From the first line of the listing, copy each line exactly until you have included the line with "Autumn and winter"; leave out the pictures.

** Opening Given information block **

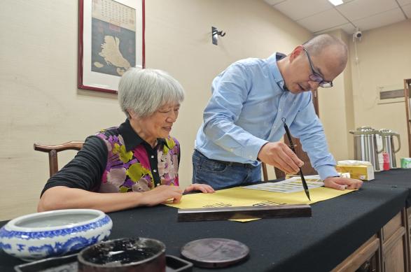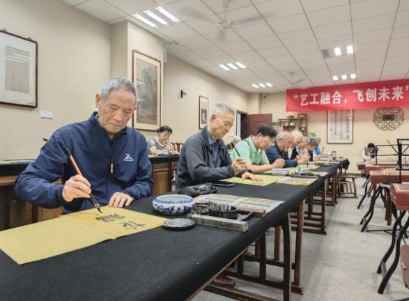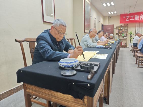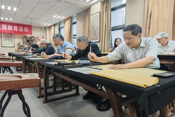 砚湖书院内,墨香四溢。在江苏省青年书法家协会副主席张星星老师的指导下,老教师们泼墨挥毫,亲身实践书法创作。只见他们凝神运笔,将“银龄子衿”“福寿康宁”等美好祝愿一一书于纸上。
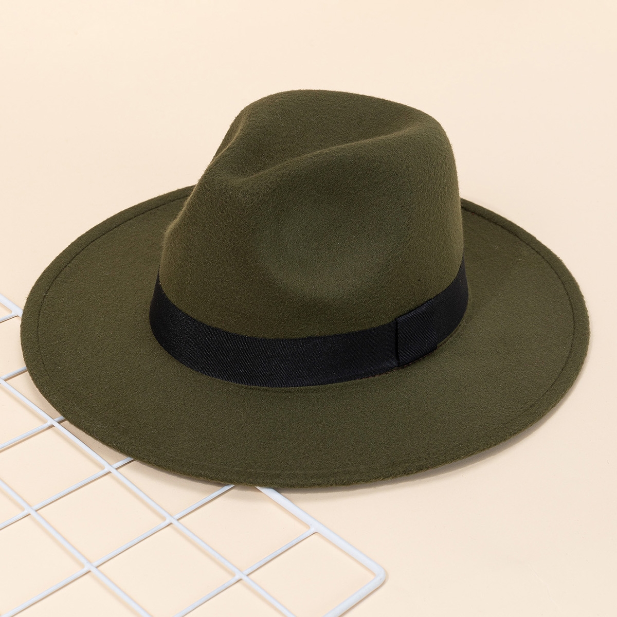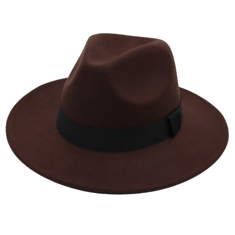 Autumn and winter men and women’s new large brimmed hats, fashionable woolen jazz hats, English style top hats
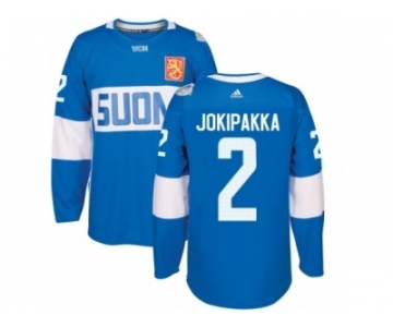 Men's Adidas Team Finland #2 Jyrki Jokipakka Premier Blue Away 2016 World Cup of Hockey Jersey
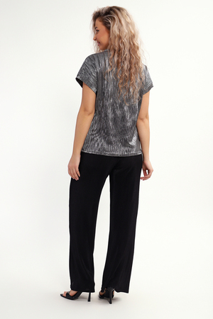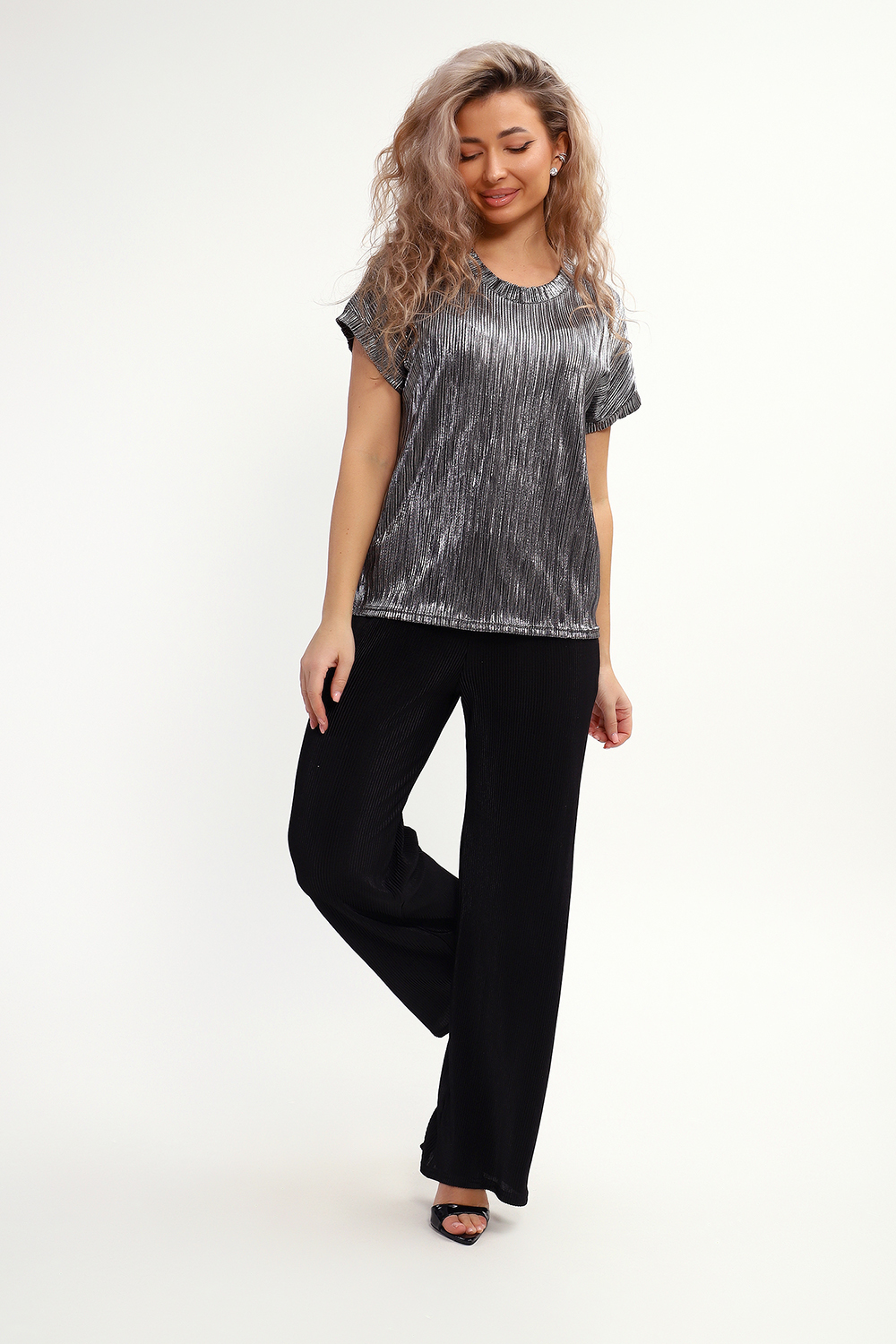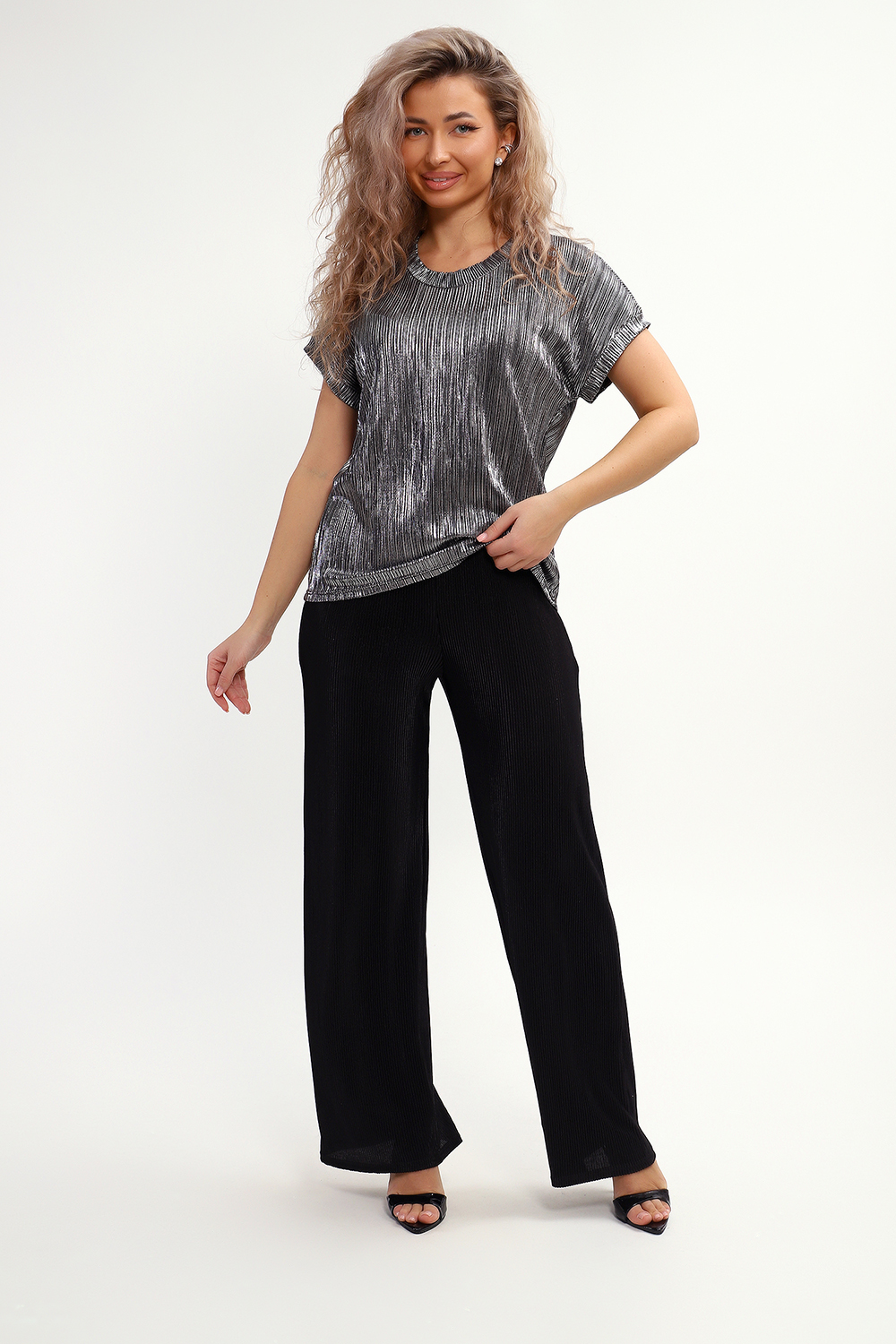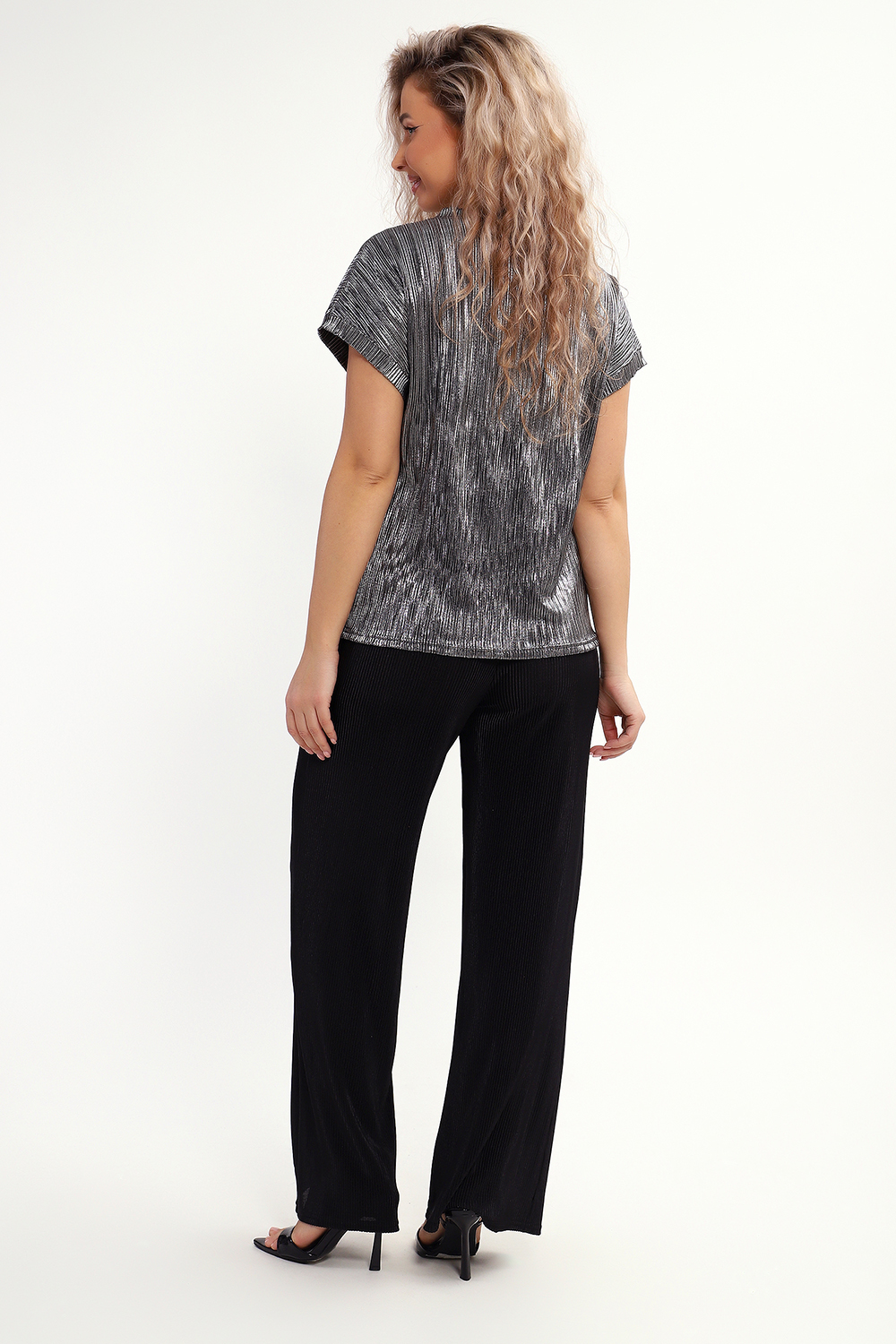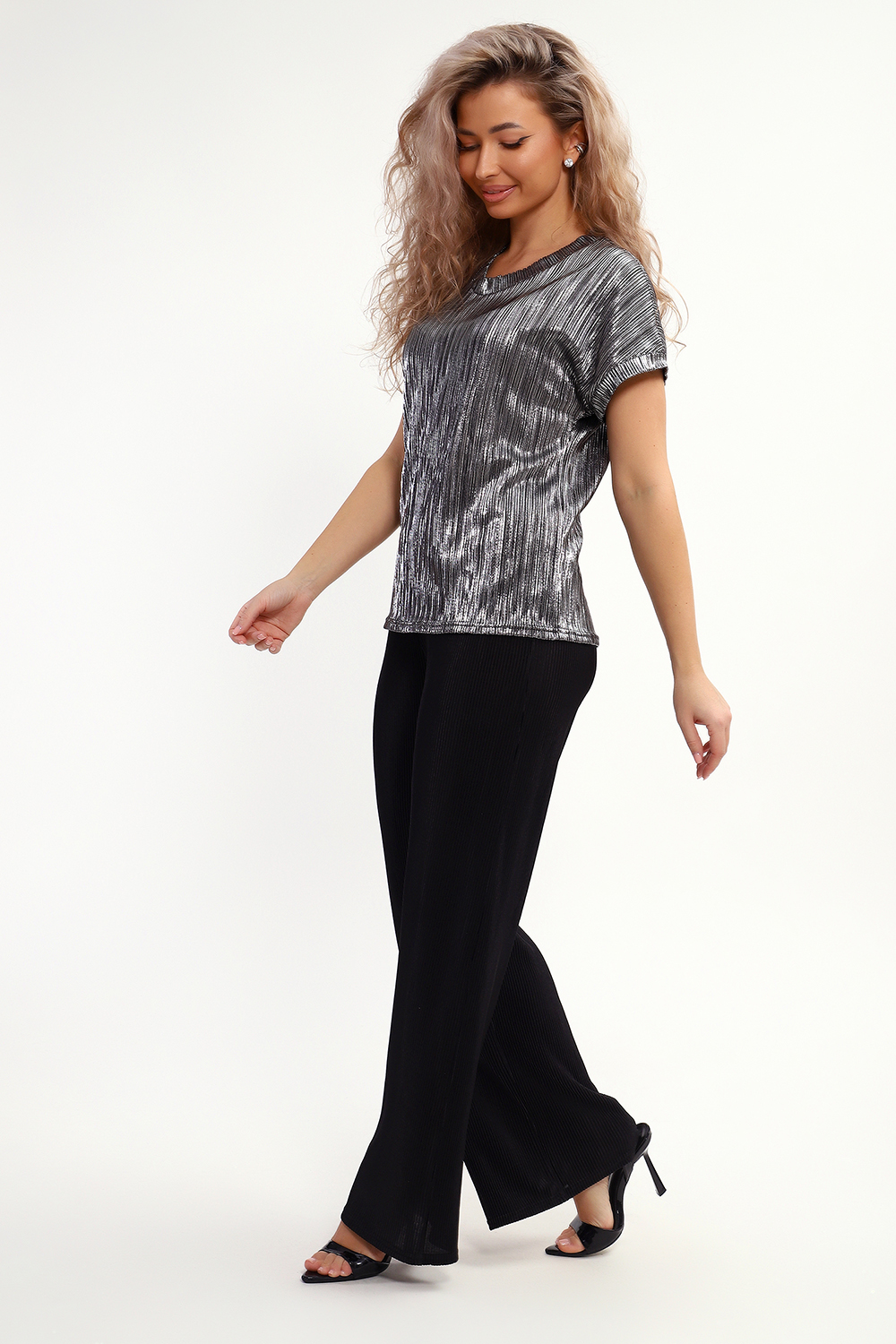 Блузка представлена в трех базовых расцветках, к которым легко подобрать юбку или брюки. На модели брюки 32827, которые изготовлены из такой же ткани, только без блестящего напыления.

** Closing Given information block **

#### [Written answer]
 砚湖书院内,墨香四溢。在江苏省青年书法家协会副主席张星星老师的指导下,老教师们泼墨挥毫,亲身实践书法创作。只见他们凝神运笔,将“银龄子衿”“福寿康宁”等美好祝愿一一书于纸上。
 Autumn and winter men and women’s new large brimmed hats, fashionable woolen jazz hats, English style top hats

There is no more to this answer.